SERANG – Perayaan Hari Raya Natal 2025 di Kota Serang berlangsung dengan nuansa penuh persaudaraan. Di tengah ibadah Natal umat Kristiani, komunitas GUSDURian Serang Raya hadir langsung ke sejumlah gereja untuk menyapa jemaat dan menyampaikan pesan persaudaraan lintas iman.
Komunitas yang terinspirasi pemikiran Presiden ke-4 RI KH Abdurrahman Wahid (Gus Dur) tersebut mendatangi sejumlah gereja yang tersebar di Kota Serang, di antaranya di sepanjang Jalan Diponegoro, Jalan Veteran, Jalan Mayor Haji Abdullah Cimuncang, hingga kawasan Jalan Kapten Suwardo, Kota Baru.
Kunjungan dilakukan bertepatan dengan berlangsungnya kebaktian dan misa Natal. Ratusan jemaat menyambut kehadiran anggota GUSDURian dengan hangat. Selain mengucapkan Selamat Natal, GUSDURian Serang Raya juga menyerahkan kue dan lilin sebagai simbol perdamaian serta kerukunan antarumat beragama.
Koordinator GUSDURian Serang Raya, Silfiana Mencus, mengatakan kegiatan tersebut merupakan agenda rutin yang selalu dilakukan setiap perayaan Natal. Menurutnya, Natal menjadi momentum penting untuk memperkuat hubungan antara umat Islam dan umat Kristiani, khususnya di Kota Serang.
“GUSDURian selalu menjadikan Natal sebagai momen untuk merekatkan kembali hubungan umat Islam dan umat Kristiani. Kami melihat situasi intoleransi di Indonesia belakangan ini belum sepenuhnya membaik, sehingga upaya seperti ini perlu terus dilakukan,” ujar Silfiana, Rabu (24/12/2025) malam.

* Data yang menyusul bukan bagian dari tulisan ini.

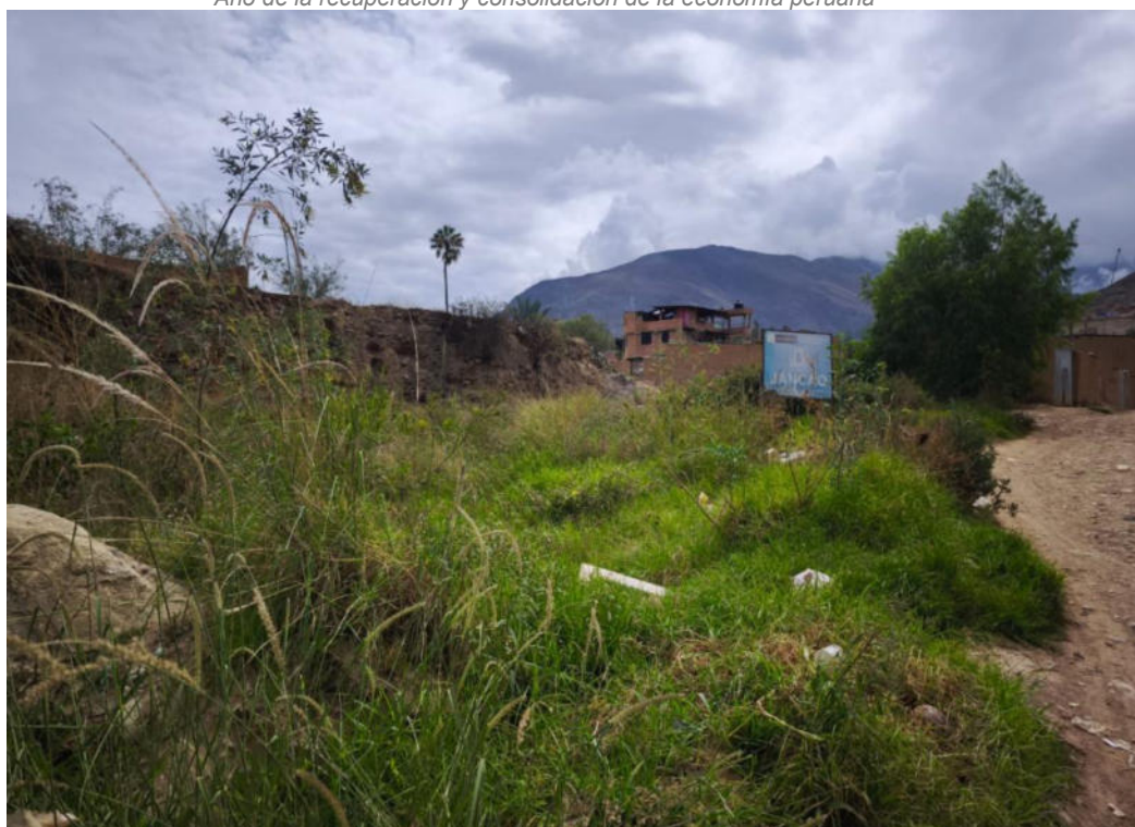
Foto N° 01.- Fotografía panorámica del sitio arqueológico Jancao (Sector I), ubicado en el distrito de Amarilis, provincia de Huánuco de la región Huánuco. Donde se observa el estado en el que se encuentra.

"Decenio de la Igualdad de Oportunidades para Mujeres y Hombres" "Año de la recuperación y consolidación de la economía peruana"
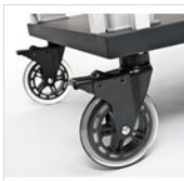
Set mit 4 Rädern - Ø 125 mm alle mit Bremsen (TACTUS schwarz) RUOTA TACTUS BLACK
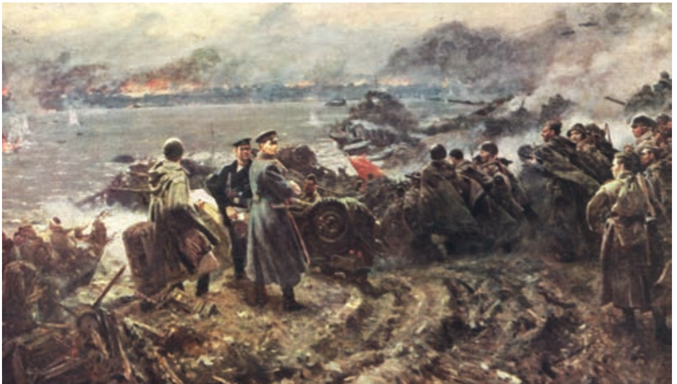
Картина В. К. Дмитриевского «Сталинградская переправа в 1942 году». 1950 г.
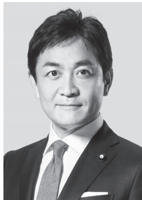
国民民主党 代表 玉木雄一郎
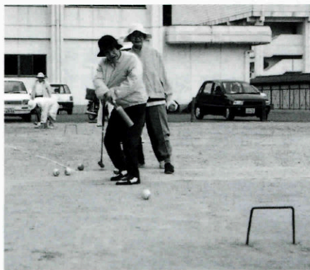
◀ ゲートボール 通れ！ 通れ！
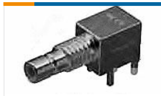
TE 产品编号1084873-1 SCD,1250 2762 09,SMB
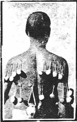
Ίνδος «μάστος» που έχει τροπημένη την πλάτη του με αγκίστρια, απ' τα οποία κρέμονται βάρη.

Πώς εξηγούνται οι θαυμάσιες της θεάς Δραπάνδη. Το μαρτύριο της πυράς. Περπατούν άπλωμα σ' αναμμένα κάρβουνα! Τα ανατριχιαστικά βασανιστήρια του «Τάι Πουζάμ». Οι τραγικοί «μαρτυρες» και τα θαύματά τους, κλπ. κλπ.
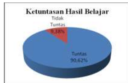
Gambar 1. Diagram Ketuntasan Hasil Belajar Pada Siklus I

Berdasarkan hasil tes siklus I pada tabel diatas bahwa dari 32 siswa yang mengikuti tes awal, 29 siswa atau sekitar 90,62 % telah mencapai ketuntasan. Sedangkan siswa yang belum mencapai ketuntasan yaitu sebanyak 3 siswa atau sekitar 9,38 %. Ketuntasan belajar pada tes siklus I dapat digambarkan pada diagram di bawah ini:
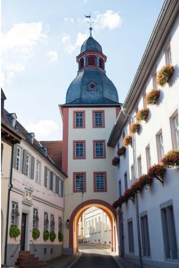
Der Torturm Oberes Stadttor in Kirchheimbolanden (2023)
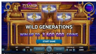
Tema e grafica del gioco
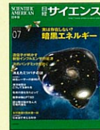
【総合科学誌】 日経サイエンス 00年1月号～
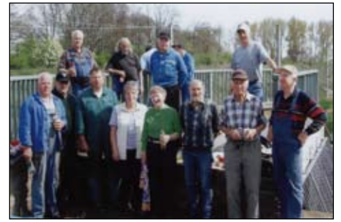
März, Aquädukt, traditioneller Subbotnik.
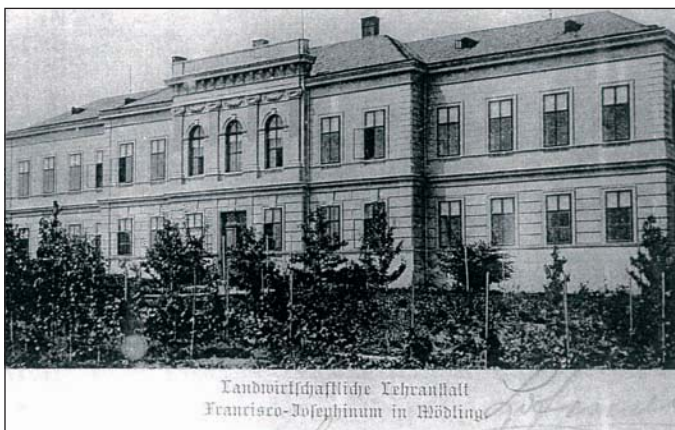
Landwirtschaftliche Lehranstalt Francisco-Josephinum in Mödling

den inneren Dienstablauf und den Kontakt mit den BZS. Das architektonisch anspruchsvolle und mit allen Schikanen der modernen Kommunikationstechnik ausgerüstete Gebäude beherbergt nicht nur Grundausbildungslehrgänge, sondern auch Lehrgänge für dienstführende Beamte und Kriminalbeamte, sowie Kurse für die allgemeine Verwaltung. Zur Umschulung von Zollwachebeamten, die zur Exekutive optierten, gibt es eigene Einführungskurse. Auch die Mautaufsichtsorgane der ASFINAG erhielten ihr Wissen in Traiskirchen. Zahlreiche Seminare und Führungskräftelehrgänge, die in Modulen abgeführt werden, runden den Aufgabenbereich des BZT ab. Besonders stolz ist man, dass in dem Areal auch das „Ad hoc Centre for Border Guard Training“, in dem nationale und internationale Experten die Harmonisierung der europäischen Grenzpolizeiausbildung erarbeiten, sowie die Zivilschutzschule untergebracht ist. Zur Zeit drücken hier über 200 Beamte die Schulbank. Sie besu-
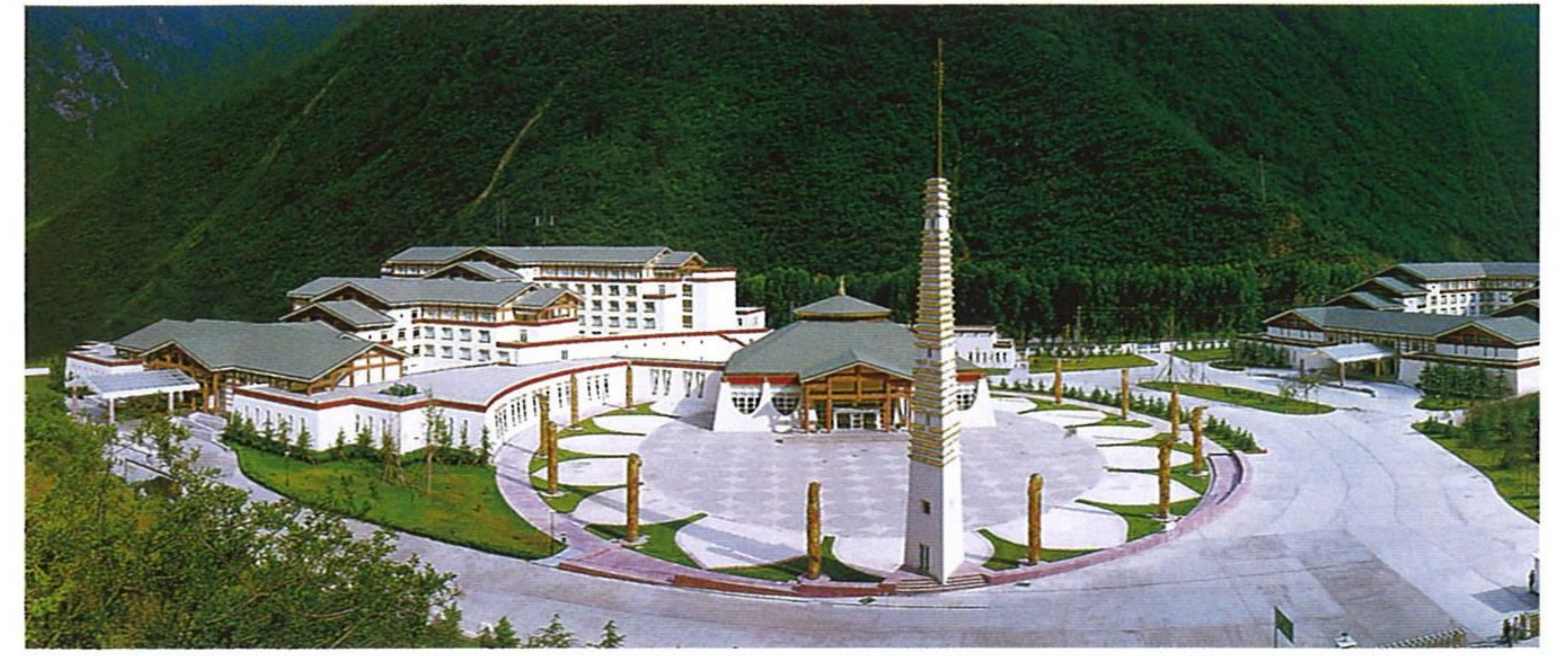
九寨溝国際大酒店
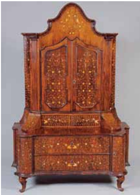
Exceptionnel scriban à deux corps formant commode. Il ouvre par deux portes et deux tiroirs en partie supérieure et deux tiroirs et deux portes latérales. Marqueterie de noyer et bois clair. Venise XVIIIème siècle. H. 235 x L. 158 x P. 67 cm 8.000/10.000 €
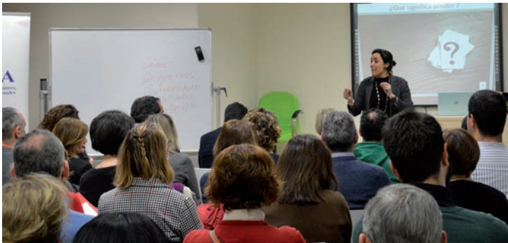
Imagen de archivo del Desayuno Formativo celebrado el pasado mes de febrero
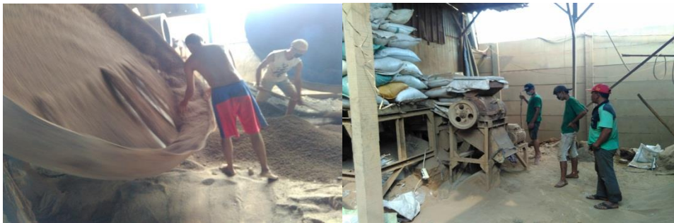
Proses granulasi dan crusher
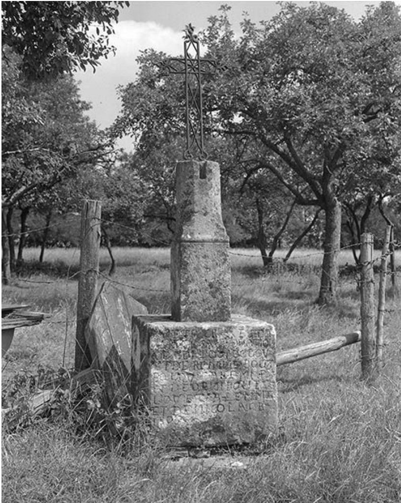
Croix de chemin.
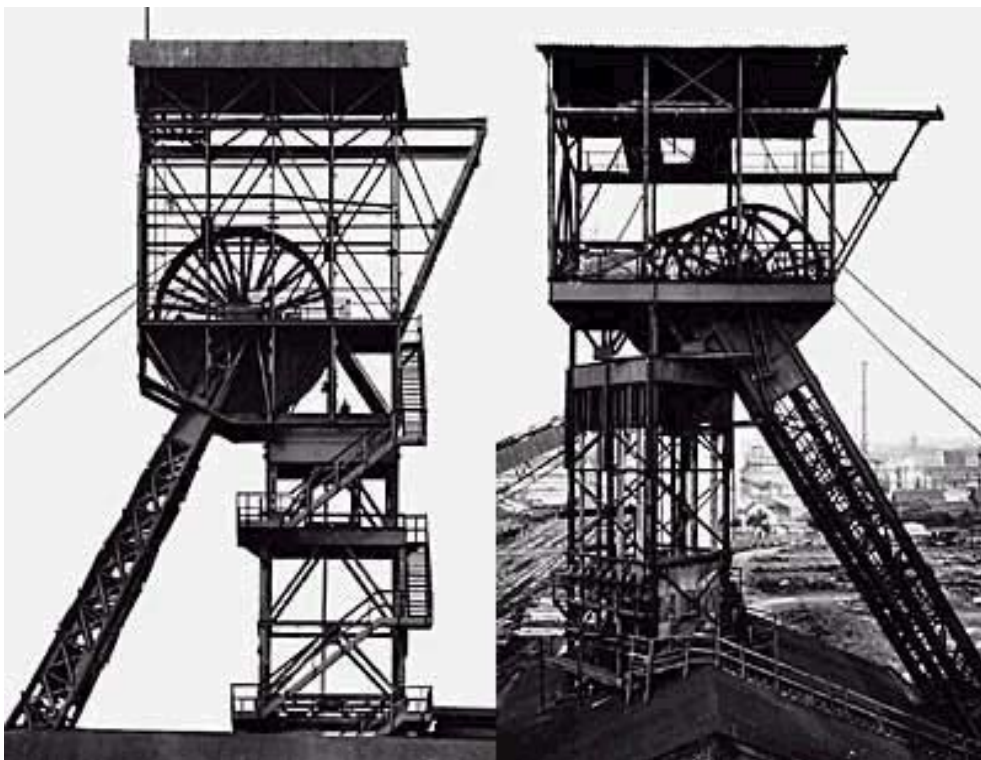
Zechen in Essen (1981) und Bochum (1973).

Ia menegaskan, kehadiran GUSDURian bukan sekadar simbolis, melainkan wujud nyata pengamalan nilai-nilai kemanusiaan, keberagaman, dan penghormatan terhadap perbedaan keyakinan sebagaimana diajarkan Gus Dur.
Sambutan positif datang dari jemaat gereja yang dikunjungi. Panitia Perayaan Natal 2025 HKBP Serang, Kharis Pranatal Sihotang, mengaku merasa aman dan nyaman dengan kehadiran GUSDURian di tengah ibadah Natal.
“Kami merasa terlindungi. Kehadiran GUSDURian membuat kami bisa berdialog, bertukar pikiran, dan saling menguatkan. Kami sangat berterima kasih,” kata Kharis.
Ia menilai kehadiran umat Muslim yang turut menjaga perayaan Natal menjadi bukti bahwa toleransi masih hidup dan tumbuh di tengah masyarakat Kota Serang.
Sementara itu, Presidium Forum Komunikasi Pemuda Lintas Iman (FOKAPELA) Banten sekaligus Senior Advisor GUSDURian Serang Raya, Taufik Hidayat, menyebut Kota Serang yang dikenal sebagai kota santri justru memiliki potensi besar dalam merawat keberagaman.
“Semakin seseorang merasa dirinya santri, maka semakin besar pula tanggung jawabnya untuk melindungi kelompok lain. Santri harus mampu menerima perbedaan dan hidup berdampingan dengan siapa pun,” ujarnya.
Taufik mengakui, kegiatan lintas iman yang dilakukan kerap menuai kritik dari sebagian kalangan. Namun hal tersebut tidak menyurutkan komitmen GUSDURian untuk terus mendorong terciptanya Kota Serang yang ramah terhadap perbedaan.
“Kami ingin menunjukkan bahwa umat Islam tidak seperti stigma yang sering muncul. Kami juga mengajak masyarakat agar tidak ragu mengenal satu sama lain demi menghilangkan kesalahpahaman,” tegasnya.
Menurut Taufik, toleransi di Serang dan Banten bukanlah hal baru. Perayaan Natal selama ini selalu berlangsung aman, damai, dan penuh kekhidmatan, sebagai bagian dari budaya masyarakat setempat.
Selain di Gereja HKBP Serang, GUSDURian Serang Raya juga melakukan kunjungan ke Gereja Kristus Raja Serang, Gereja Kristen Indonesia (GKI) Serang, serta GPdI Yehovah Syalom Serang. Seluruh rangkaian kegiatan tersebut menegaskan bahwa semangat kebhinekaan dan persaudaraan lintas iman tetap terjaga di Ibu Kota Provinsi Banten.